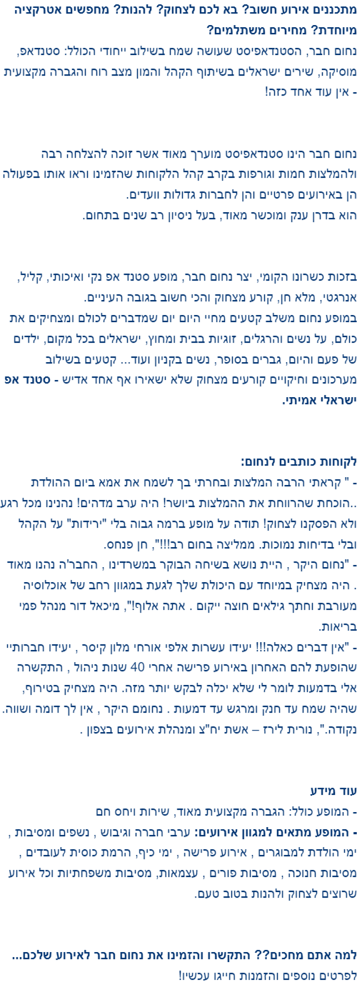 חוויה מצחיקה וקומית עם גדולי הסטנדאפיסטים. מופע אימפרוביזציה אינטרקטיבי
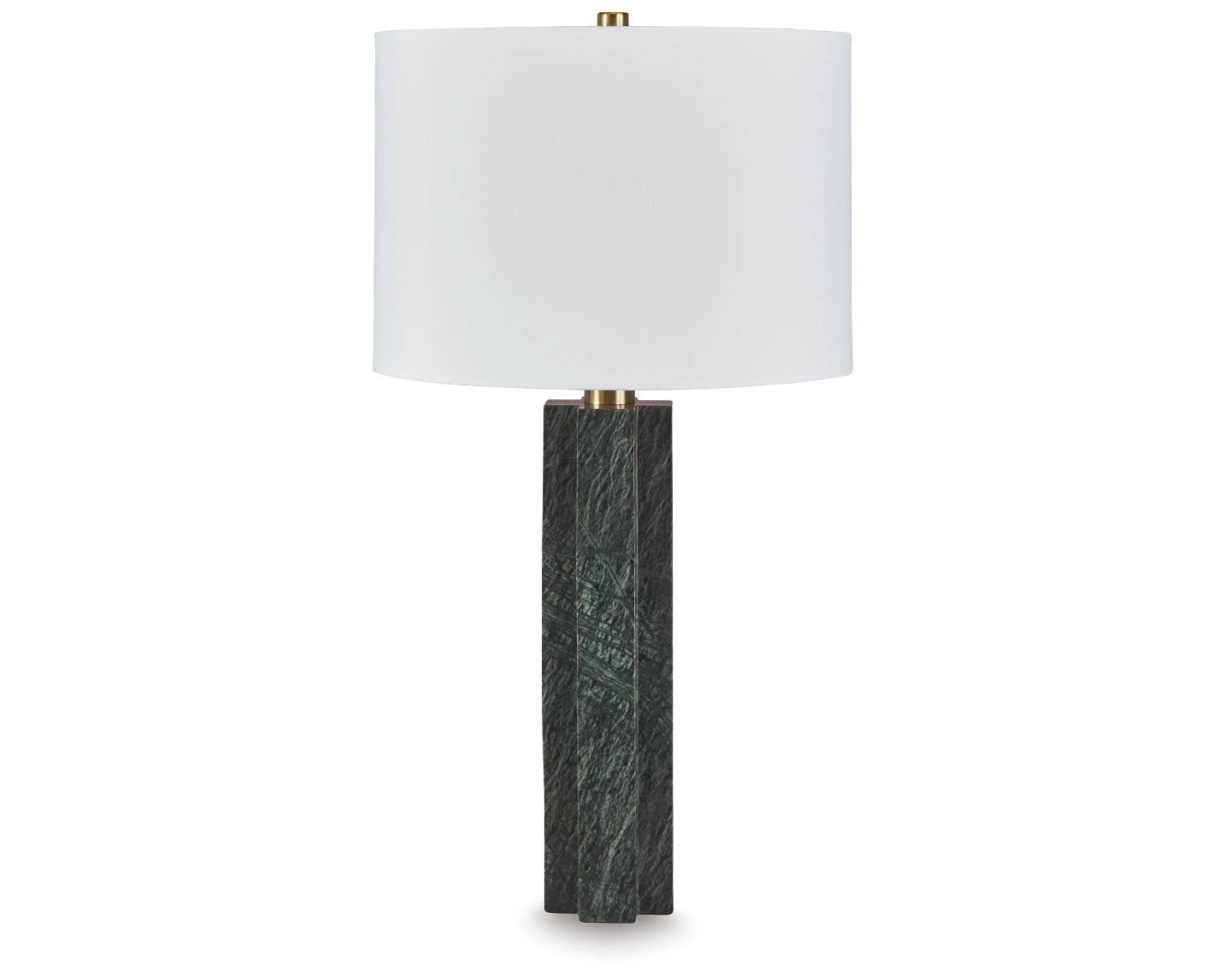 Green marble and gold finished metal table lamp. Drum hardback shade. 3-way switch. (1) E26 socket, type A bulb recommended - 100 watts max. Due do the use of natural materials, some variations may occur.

★ ★ ★ ★ ★ ★ ★

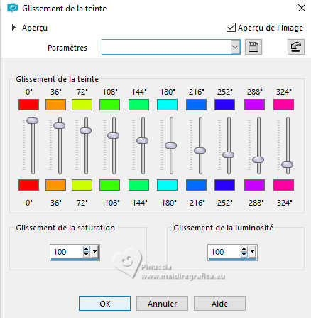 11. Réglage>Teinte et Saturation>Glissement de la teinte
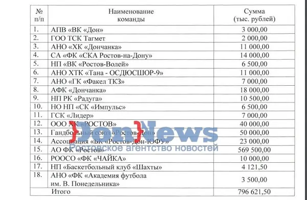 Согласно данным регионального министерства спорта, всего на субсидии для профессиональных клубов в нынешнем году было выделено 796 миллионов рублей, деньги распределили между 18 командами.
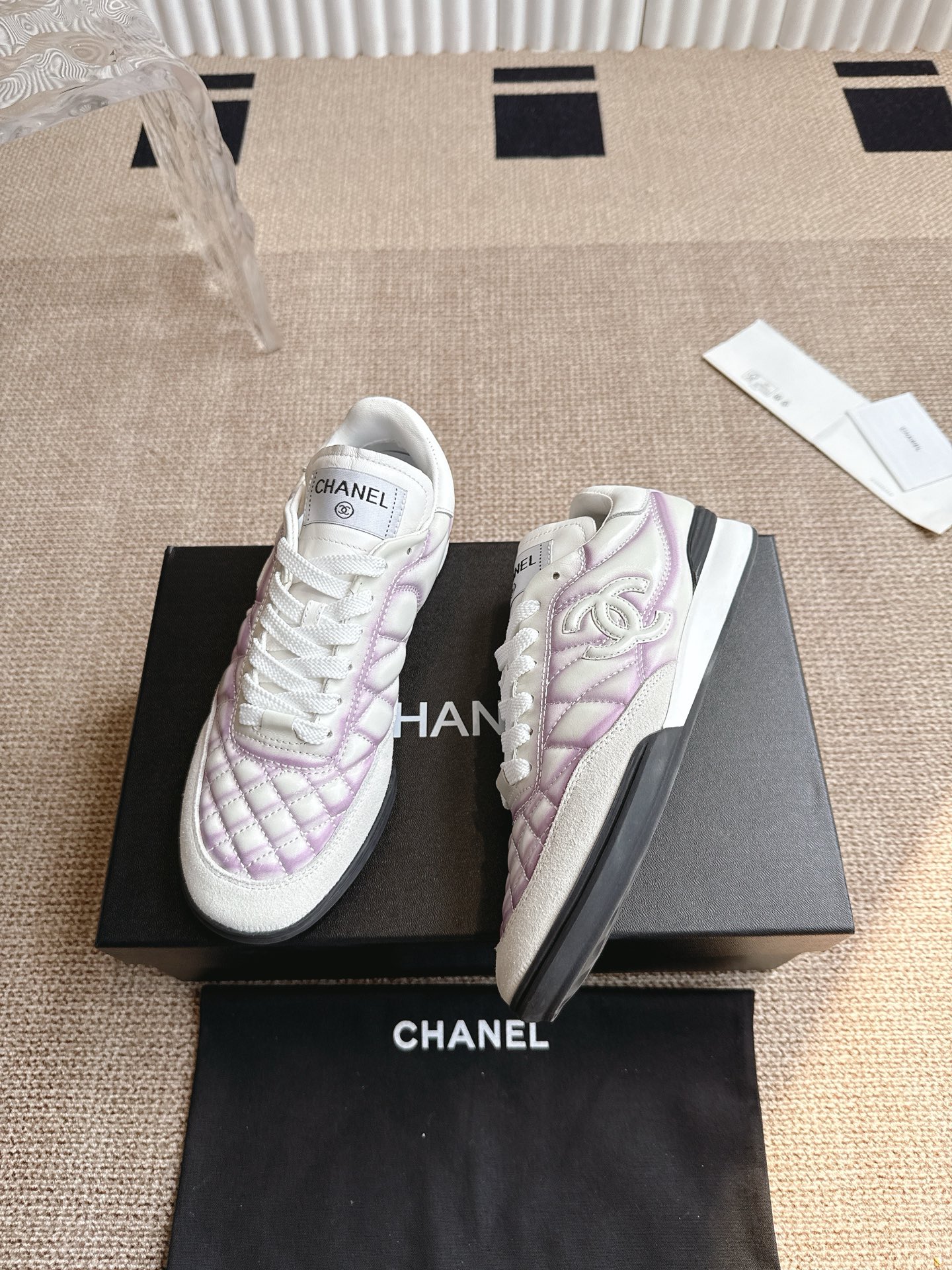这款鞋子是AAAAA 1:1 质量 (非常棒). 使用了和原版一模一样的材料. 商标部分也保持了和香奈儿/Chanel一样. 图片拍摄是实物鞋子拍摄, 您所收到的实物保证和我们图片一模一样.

★ ★ ★ ★ ★ ★ ★

● Exercise aim
In the records above, everything from the line with "חוויה מצחיקה וקומית" down to the line with "Green marble and" is to be set down exactly, both ends included, with no pictures and no other lines.

● Problem solution
 חוויה מצחיקה וקומית עם גדולי הסטנדאפיסטים. מופע אימפרוביזציה אינטרקטיבי
 Green marble and gold finished metal table lamp. Drum hardback shade. 3-way switch. (1) E26 socket, type A bulb recommended - 100 watts max. Due do the use of natural materials, some variations may occur.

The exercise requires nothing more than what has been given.